Comparative human–animal studies further suggest that consonants are more specific to human speech than vowels are. Contrary to humans, New World monkeys (cotton-top tamarins) are only able to extract statistical regularities based on vowels (Newport, Hauser, Spaepen, & Aslin, 2004). Moreover, while monkeys have a steady-state formant perception comparable to the one of humans (Sommers, Moody, Prosen, & Stebbins, 1992), and can learn to discriminate the manner of articulation of consonants (Sinnott & Williamson, 1999), they exhibit problems in learning the place of articulation contrasts. Consequently, they process formant transitions differently from humans (Sinnott & Gilmore, 2004). On the production side, nonhuman primates can produce harmonic sounds very similar to vowels in order to provide indexical information about sex, age, identity, emotion, etc. (Owren et al., 1997, Rendall et al., 1996). However, only humans have elaborated the supralaryngeal articulations that, by inserting consonants into the vocalic carrier (MacNeilage & Davis, 2000), allow the emergence of a rich set of meaningful contrasts.

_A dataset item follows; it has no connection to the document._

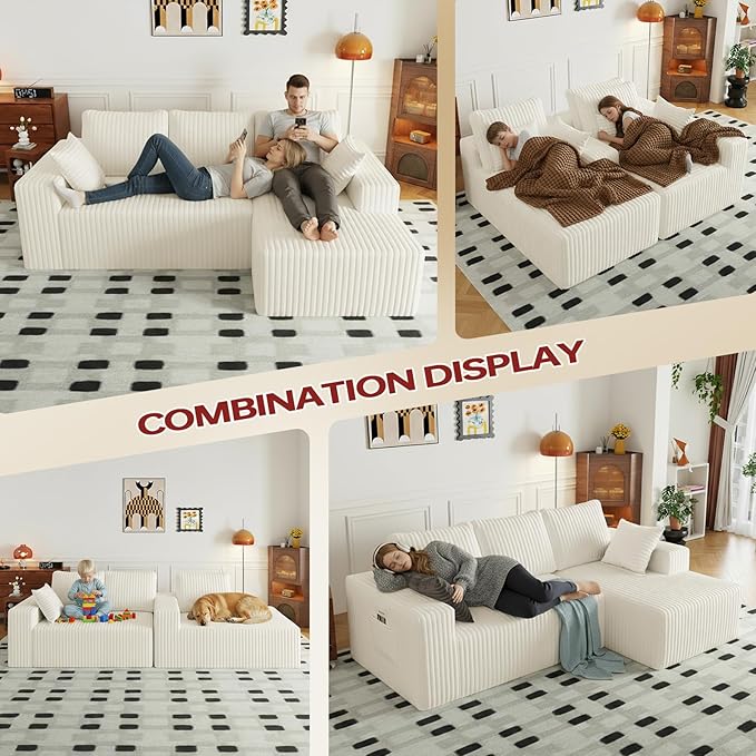 - 【Modular Sectional Sofa】: Our sectional sofa couch consists of two pieces L- shape sofa. This modular sectional couch have 4 using modes, you can convert the modular sectional sofa according to your needs. add flexibility and personalized style to your living space

In summary, learning and developmental research support the notion that vowels and consonants subtend different linguistic functions, with consonants being more tied to word identification, while vowels essentially contribute to grammar and to prosody. In addition, neuropsychological dissociations show that the processing of these two classes of speech segments is dissociable by brain damage. Furthermore, comparative human–animal studies suggest that vowels may be less specific to speech than consonants. As a consequence, vowels may be more intricately linked than consonants to other non-linguistic auditory dimensions, like melody.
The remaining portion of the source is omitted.